I have a some experience with a bit of different environment based on Weblogic JMS and Oracle 11g. In this answer I suppose that it is working exactly the same. I hope my answer will help you.

In our case there was a "distant" system which was obligatory to notify based on the different events happend inside the local system. The other system also red into our database so the use-case seems almost identical to your problem. The sequence of the events was exacly the same as yours. On the test systems there was not a single faulire. Everyone thought that it will work but some of us doubted if it is the correct solution. As the software hit production some of the BPM processes run unpredictably. So a simple answer to your question: yes it is possible and everyone should be aware it.

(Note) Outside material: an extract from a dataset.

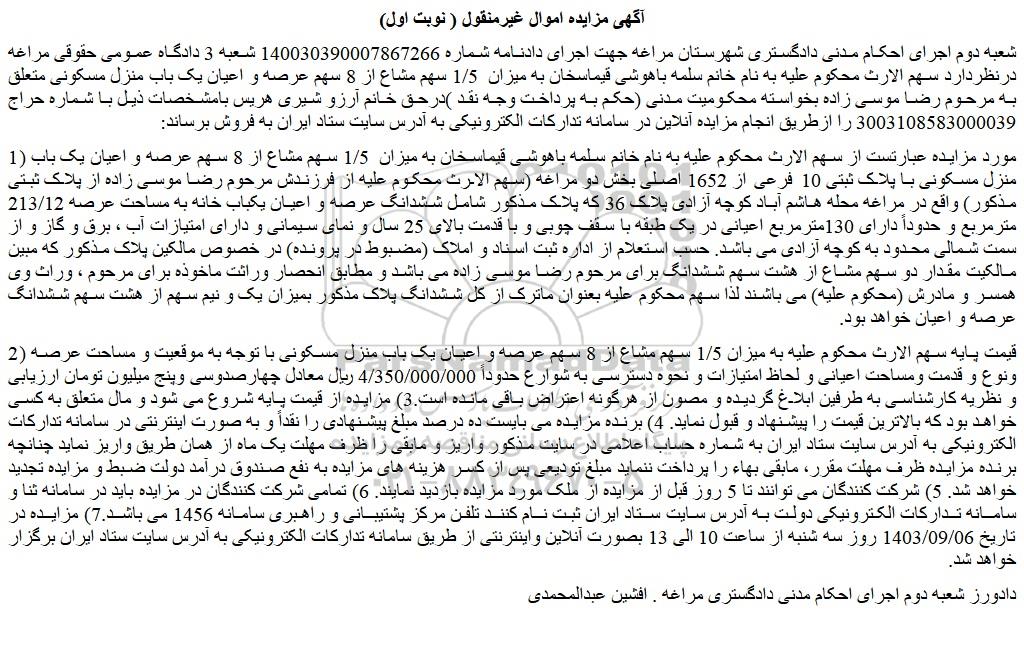 شعبه دوم اجرای احکام مدنی دادگستری شهرستان مراغه جهت اجرای دادنامه شماره 140030390007867266 شعبه 3 دادگاه عمومی حقوقی مراغه درنظردارد سهم الارث محکوم علیه به نام خانم سلمه باهوشی قیماسخان به میزان 1/5 سهم مشاع از 8 سهم عرصه و اعیان یک باب منزل مسکونی متعلق به مرحوم رضا موسی زاده بخواسته محکومیت مدنی (حکم به پرداخت وجه نقد )درحق خانم آرزو شیری هریس بامشخصات ذیل با شماره حراج 3003108583000039 را ازطریق انجام مزایده آنلاین در سامانه تدارکات الکترونیکی به آدرس سایت ستاد ایران به فروش برساند:

Our solution (in my opinion) was not a well planned one, but we recognised that the little time window between the two commit is braking the system, so we added some "delay" to the queue (if I remember it was like 1-2 minutes). It was enough to finish the other commit and read consistent data. In my point of view it is not the best solution. It is not solving the syncronisation problem (what if an oracle transaction is longer than 1-2mins?).

Here is a great blog post that is worth to read and the last solution seems the best to me. We implemented it in an other system and it is working way better. Important to notice that you should limit the retries (re-reads) to prevent "stuck" threads. (With some error reporting.) With this restrictions I was not able to find better solution so far, so if anyone got some better option I am looking forward to hear it. :)

Edit: typos.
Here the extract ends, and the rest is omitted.